Public Docs
OpenAPI Source of Truth
MCP Streamable HTTP
CLI for Consumers

TSFM.ai developer documentation.

Multiple pages, one contract. API, MCP, and CLI are aligned on the same schema so teams can move from manual calls to production automation with zero drift.

Production

Launch readiness checklist

Production means control plane, data plane, and billing are all equally hardened. Use this page as a final gate before opening self-serve traffic.

Minimum launch gates

  1. 1All core endpoints pass `pnpm api:smoke` in CI and staging.
  2. 2OpenAPI schema validates and is published with release artifacts.
  3. 3Postgres backup and restore drills have been executed successfully.
  4. 4Stripe usage meter events reconcile against internal usage ledger.
  5. 5Runbook exists for inference gateway outage and key revocation incidents.

Data Plane

  • Configure `INFERENCE_GATEWAY_BASE_URL` to your OpenAI-compatible GPU gateway.
  • Set `INFERENCE_GATEWAY_API_KEY` from secret manager; never hardcode credentials.
  • Tune `INFERENCE_TIMEOUT_MS` per provider latency profile.
  • Define model fallback policy (`timesfm -> chronos -> ttm`) for partial outages.

Control Plane

  • Use PostgreSQL (`STORE_BACKEND=postgres`) with managed backups and PITR.
  • Enable SSL and strict role separation for app user vs migration/admin users.
  • Enforce API key rotation cadence and immediate revoke workflow.
  • Back account, usage, and billing APIs with authenticated session middleware only.

Billing + Stripe

  • Map usage events (`input_tokens`, `output_tokens`, `cost_usd`) to Stripe meters.
  • Verify product + price ids by environment (`test` vs `live`).
  • Handle subscription state drift with nightly reconciliation jobs.
  • Expose billing profile status in `/api/account/billing` and account UI.

Observability

  • Track request counts, p50/p95 latency, and non-2xx rates by endpoint + model.
  • Log request ids and propagate `x-request-id` from upstream providers.
  • Alert on error spikes, timeout growth, and budget burn anomalies.
  • Publish status heartbeat from `/api/system/status` per region.

MCP + CLI Distribution

  • Run MCP separately from API HTTP server to decouple scaling and isolation.
  • Keep MCP transport stateless (`sessionIdGenerator: undefined`) for horizontal scaling.
  • Version CLI releases alongside schema changes and publish migration notes.
  • Gate releases with `pnpm api:schema:check`, `pnpm api:smoke`, and CLI integration checks.

Day-2 operations

SLO monitoring

Track p95 latency and error rates per model/provider, not just aggregate totals.

Capacity planning

Forecast token throughput and horizon distribution so GPU routing policies stay ahead of demand.

Contract management

Treat schema changes as versioned releases and announce operation-level change notes.

Cost governance

Review cost per 1M tokens by model weekly and adjust default routing for margin protection.

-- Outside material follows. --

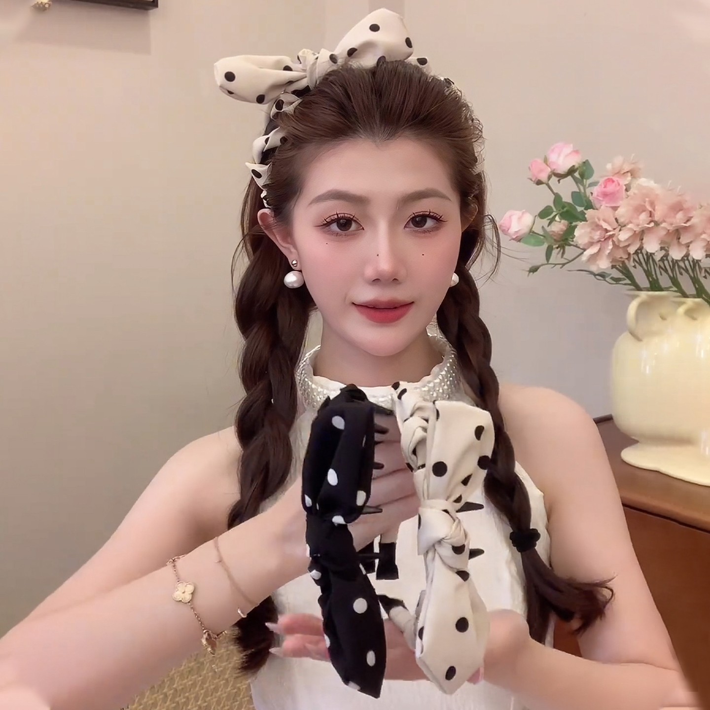 适合夏天的波点兔耳朵蝴蝶结发箍女款2025新款高颅顶发箍发夹头饰

Incident response priorities

  • Credential compromise: revoke affected keys, rotate gateway secrets, and force re-issue.
  • Provider outage: switch routing policy to fallback model family and reduce max horizon if needed.
  • Billing drift: pause metered invoicing and reconcile usage ledger before finalizing invoices.
  • Schema breakage: roll back schema publish and pin CLI/MCP consumers to previous contract snapshot.